Set the images aside and retype the whole listing exactly.

#### Information shown:
* * * *

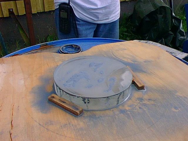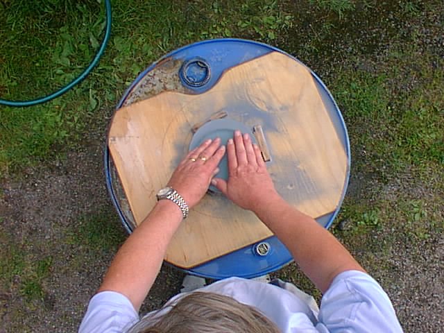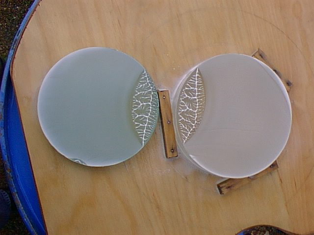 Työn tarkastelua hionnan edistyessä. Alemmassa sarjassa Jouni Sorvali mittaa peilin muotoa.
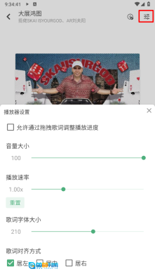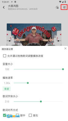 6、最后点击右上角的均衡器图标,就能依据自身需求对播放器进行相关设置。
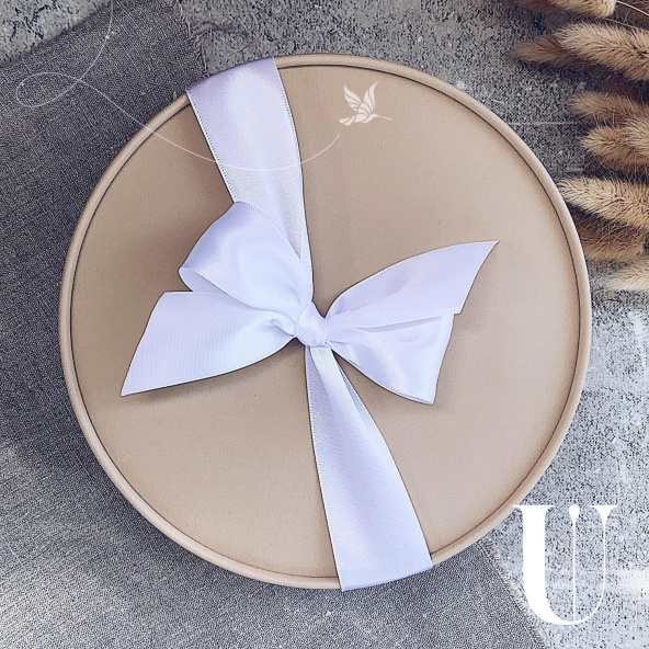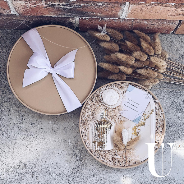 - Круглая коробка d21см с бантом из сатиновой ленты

* * * *

#### Solution for this task:
 Työn tarkastelua hionnan edistyessä. Alemmassa sarjassa Jouni Sorvali mittaa peilin muotoa.
 6、最后点击右上角的均衡器图标,就能依据自身需求对播放器进行相关设置。
 - Круглая коробка d21см с бантом из сатиновой ленты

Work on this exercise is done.